__Task requirements__:
For this exercise, copy exactly the lines below from the one with "審核通過:審核通過即生成準考證號,完成考籍注冊。" through the one with "USA New York" and leave out the pictures.

__Material for this exercise__:
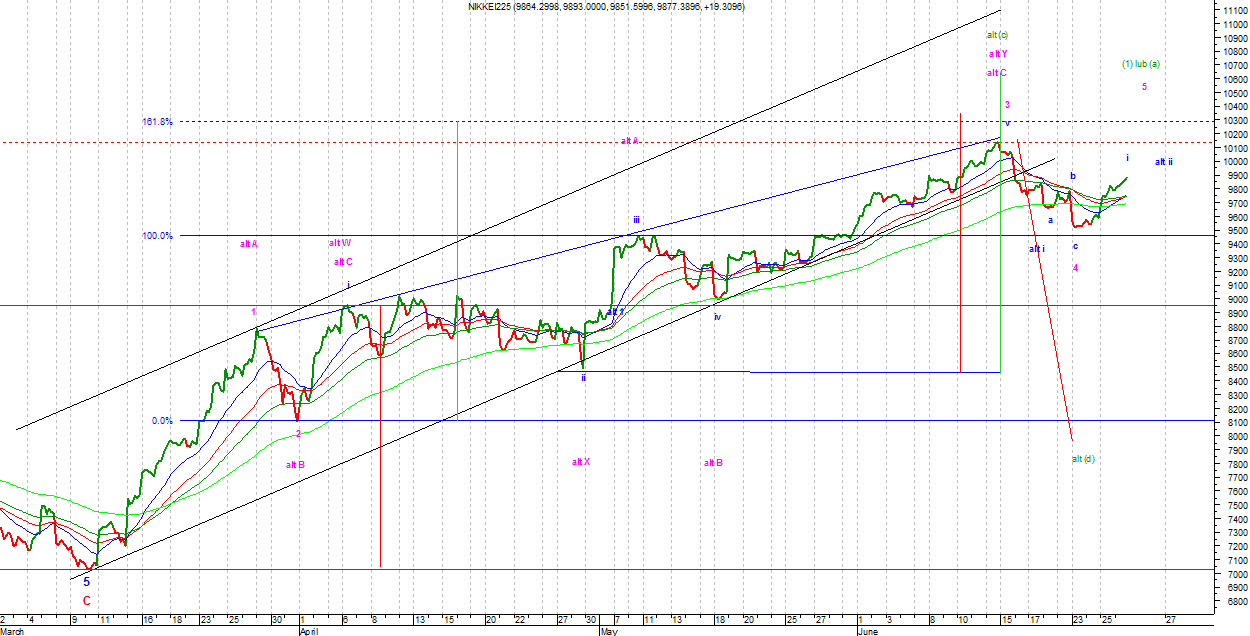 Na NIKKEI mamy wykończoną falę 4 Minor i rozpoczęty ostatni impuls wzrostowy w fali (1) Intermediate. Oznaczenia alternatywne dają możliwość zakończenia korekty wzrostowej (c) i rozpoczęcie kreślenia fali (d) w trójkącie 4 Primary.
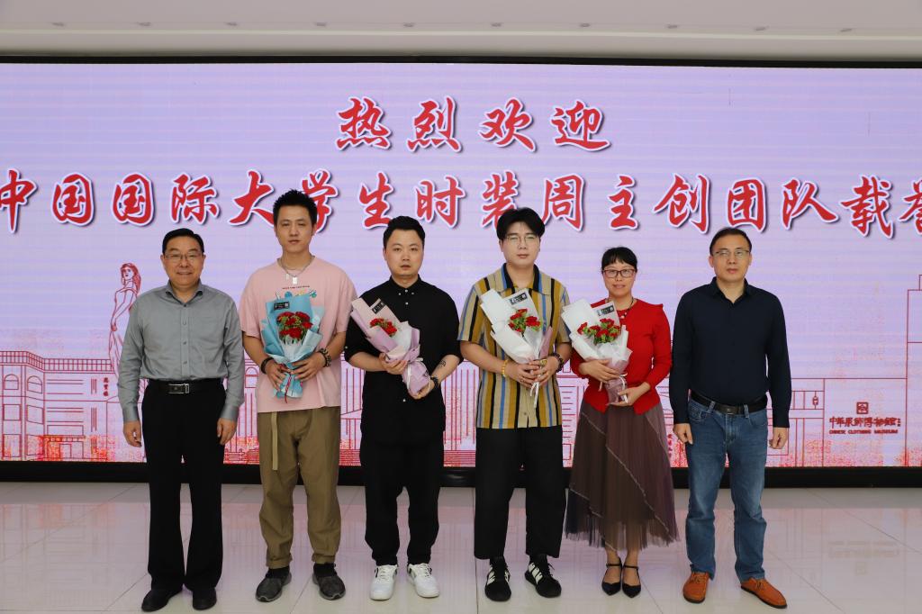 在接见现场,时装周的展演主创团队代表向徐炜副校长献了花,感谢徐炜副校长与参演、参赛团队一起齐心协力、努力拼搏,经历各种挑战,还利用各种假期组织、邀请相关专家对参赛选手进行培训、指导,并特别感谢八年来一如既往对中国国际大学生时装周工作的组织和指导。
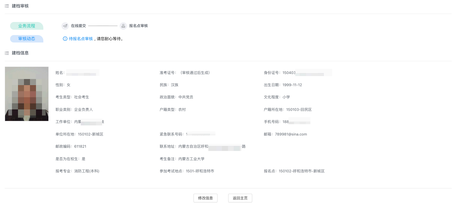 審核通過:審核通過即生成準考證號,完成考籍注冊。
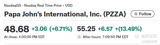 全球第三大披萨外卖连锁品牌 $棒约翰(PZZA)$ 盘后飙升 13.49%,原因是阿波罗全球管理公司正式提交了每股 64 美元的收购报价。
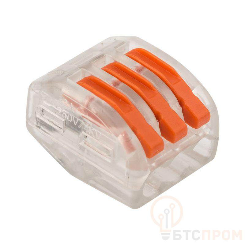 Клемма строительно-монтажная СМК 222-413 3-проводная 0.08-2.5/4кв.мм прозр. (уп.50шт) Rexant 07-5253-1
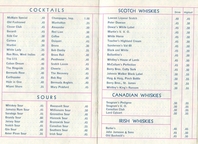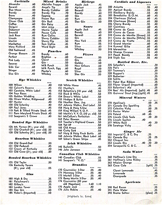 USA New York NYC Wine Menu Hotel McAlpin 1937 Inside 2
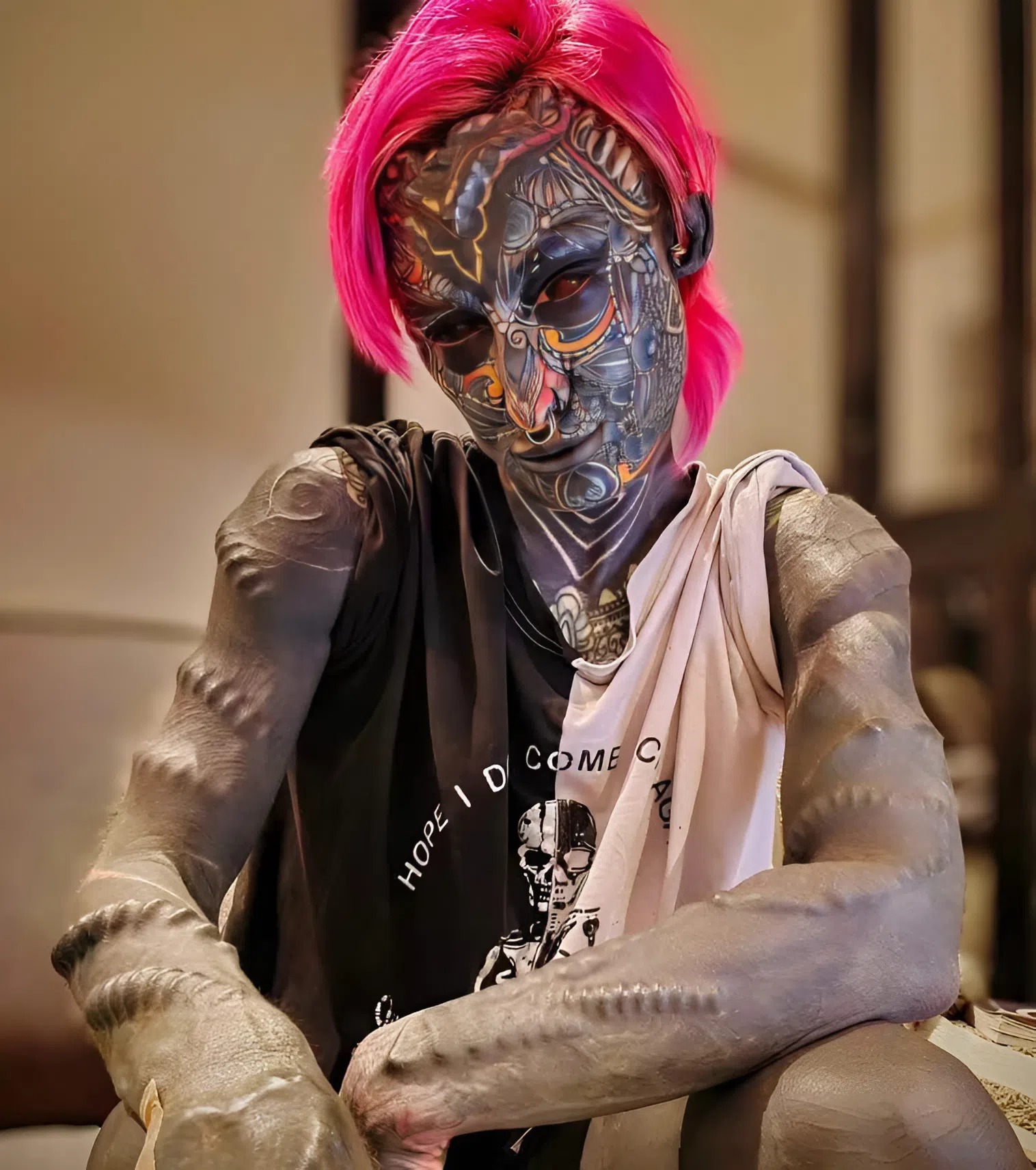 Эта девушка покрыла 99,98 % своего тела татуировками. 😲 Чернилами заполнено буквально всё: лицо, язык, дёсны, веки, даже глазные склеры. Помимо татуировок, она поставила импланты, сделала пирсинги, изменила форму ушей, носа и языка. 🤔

--

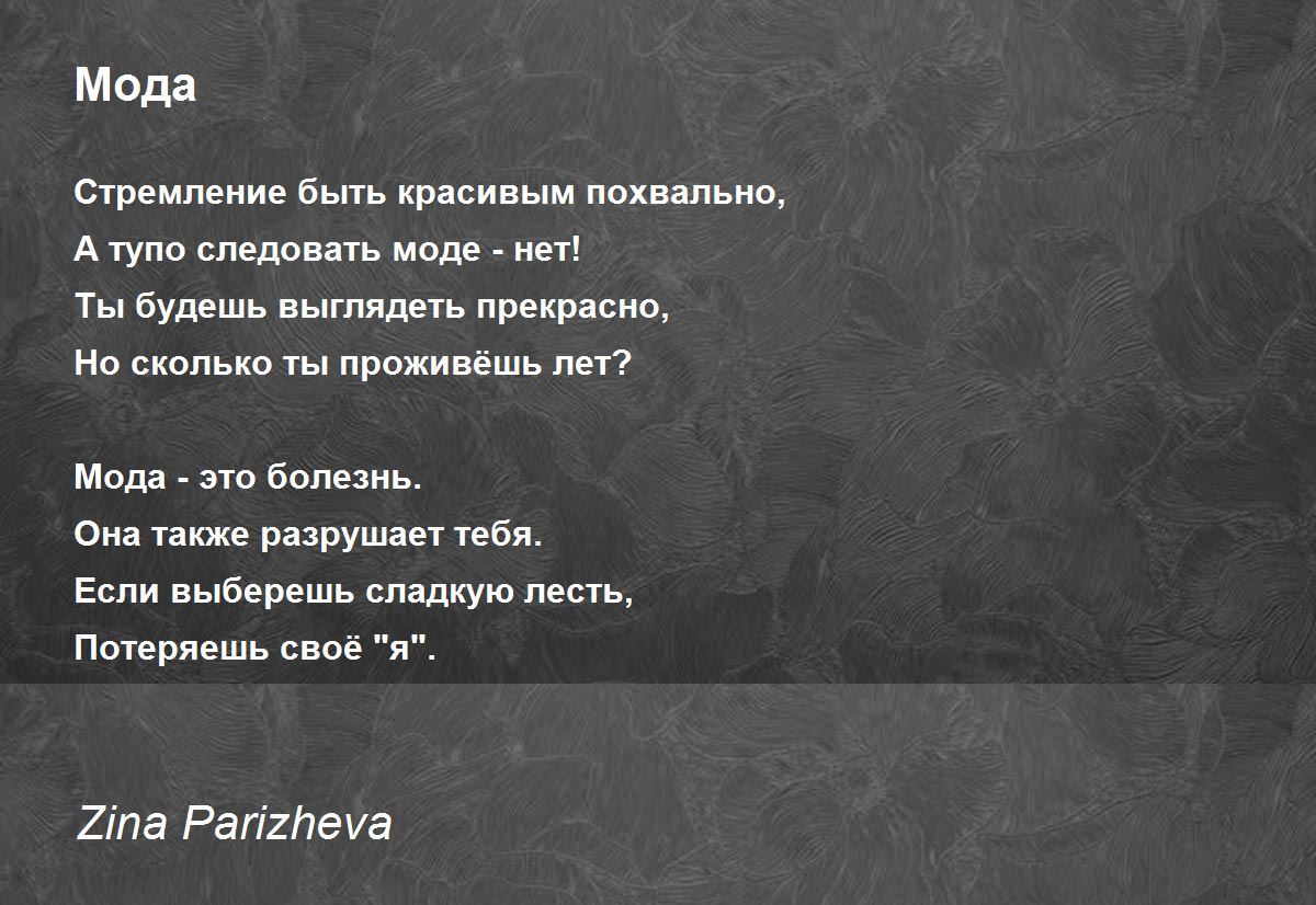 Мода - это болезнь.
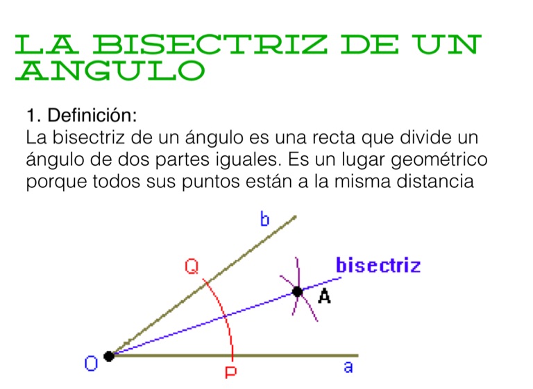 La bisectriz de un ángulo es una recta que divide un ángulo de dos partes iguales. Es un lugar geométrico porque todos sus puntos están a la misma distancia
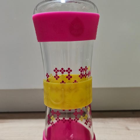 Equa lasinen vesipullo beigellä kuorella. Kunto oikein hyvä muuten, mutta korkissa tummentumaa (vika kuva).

---

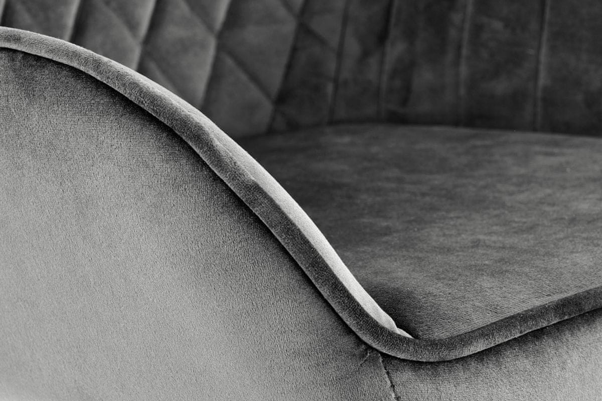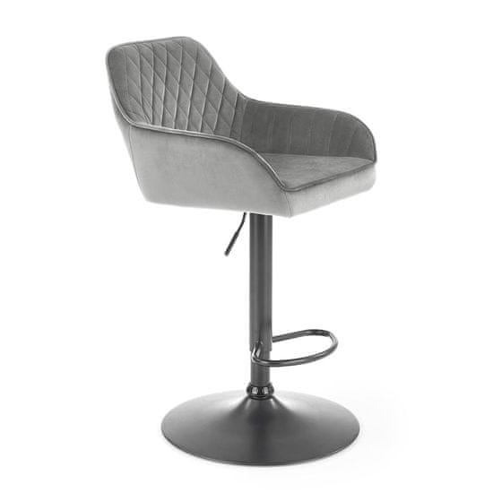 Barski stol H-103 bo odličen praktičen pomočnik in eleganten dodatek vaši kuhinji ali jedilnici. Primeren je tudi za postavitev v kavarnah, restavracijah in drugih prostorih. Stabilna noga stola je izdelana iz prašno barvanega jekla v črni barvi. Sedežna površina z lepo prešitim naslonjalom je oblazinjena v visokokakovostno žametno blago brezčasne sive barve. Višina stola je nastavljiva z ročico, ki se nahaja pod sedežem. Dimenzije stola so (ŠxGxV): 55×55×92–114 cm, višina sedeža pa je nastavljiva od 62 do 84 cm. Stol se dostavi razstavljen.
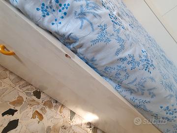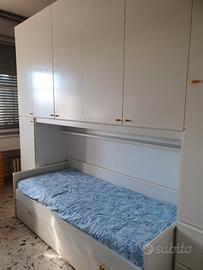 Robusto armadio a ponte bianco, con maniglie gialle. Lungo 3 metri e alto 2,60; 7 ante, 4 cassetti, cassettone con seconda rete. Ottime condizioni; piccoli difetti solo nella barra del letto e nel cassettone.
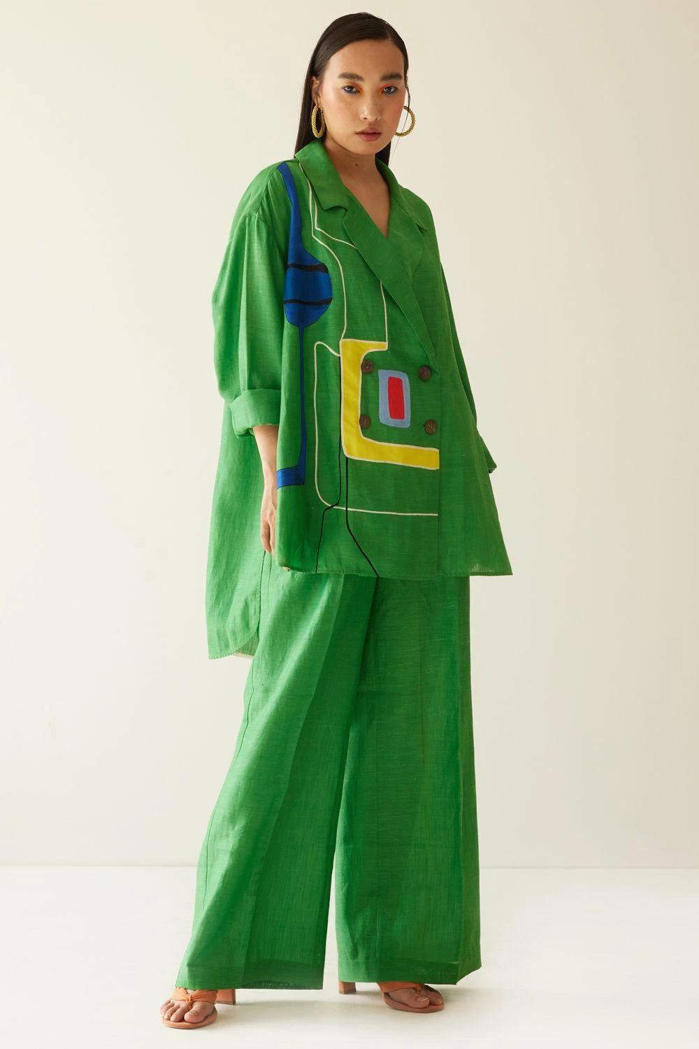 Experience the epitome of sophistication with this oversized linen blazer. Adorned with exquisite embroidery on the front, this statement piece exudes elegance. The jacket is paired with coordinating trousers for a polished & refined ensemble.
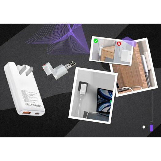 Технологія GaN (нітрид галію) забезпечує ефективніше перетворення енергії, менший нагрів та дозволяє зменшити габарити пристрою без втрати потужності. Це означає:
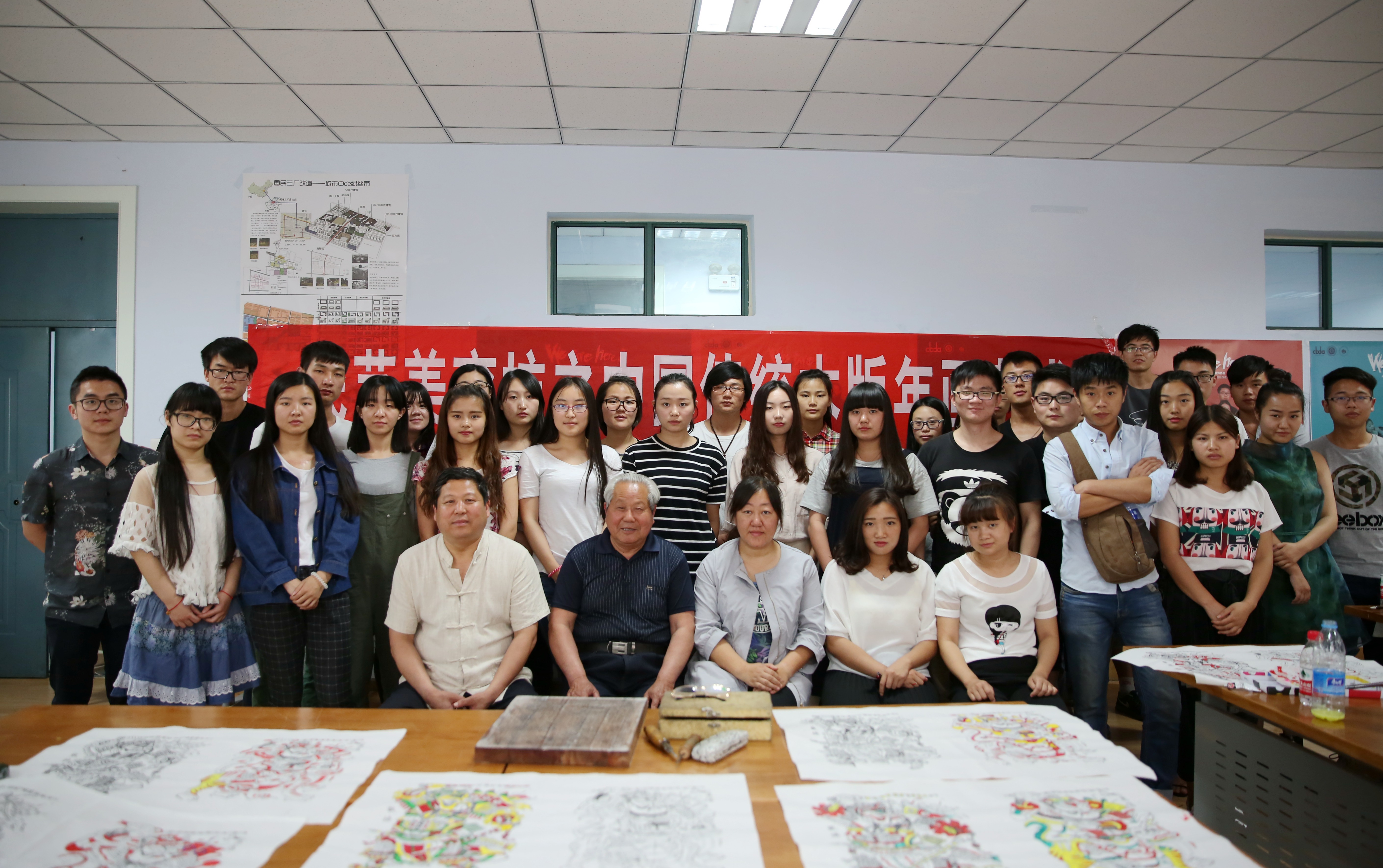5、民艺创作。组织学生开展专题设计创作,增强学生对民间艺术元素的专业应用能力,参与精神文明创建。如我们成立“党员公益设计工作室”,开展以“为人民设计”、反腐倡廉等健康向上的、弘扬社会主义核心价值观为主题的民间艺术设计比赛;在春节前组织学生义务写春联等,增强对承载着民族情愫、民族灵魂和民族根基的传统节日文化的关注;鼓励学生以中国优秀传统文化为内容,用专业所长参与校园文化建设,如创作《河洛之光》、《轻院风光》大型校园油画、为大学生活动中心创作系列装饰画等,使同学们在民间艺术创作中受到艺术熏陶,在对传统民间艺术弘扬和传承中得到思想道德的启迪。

__Answer space__:
 審核通過:審核通過即生成準考證號,完成考籍注冊。
 全球第三大披萨外卖连锁品牌 $棒约翰(PZZA)$ 盘后飙升 13.49%,原因是阿波罗全球管理公司正式提交了每股 64 美元的收购报价。
 Клемма строительно-монтажная СМК 222-413 3-проводная 0.08-2.5/4кв.мм прозр. (уп.50шт) Rexant 07-5253-1
 USA New York NYC Wine Menu Hotel McAlpin 1937 Inside 2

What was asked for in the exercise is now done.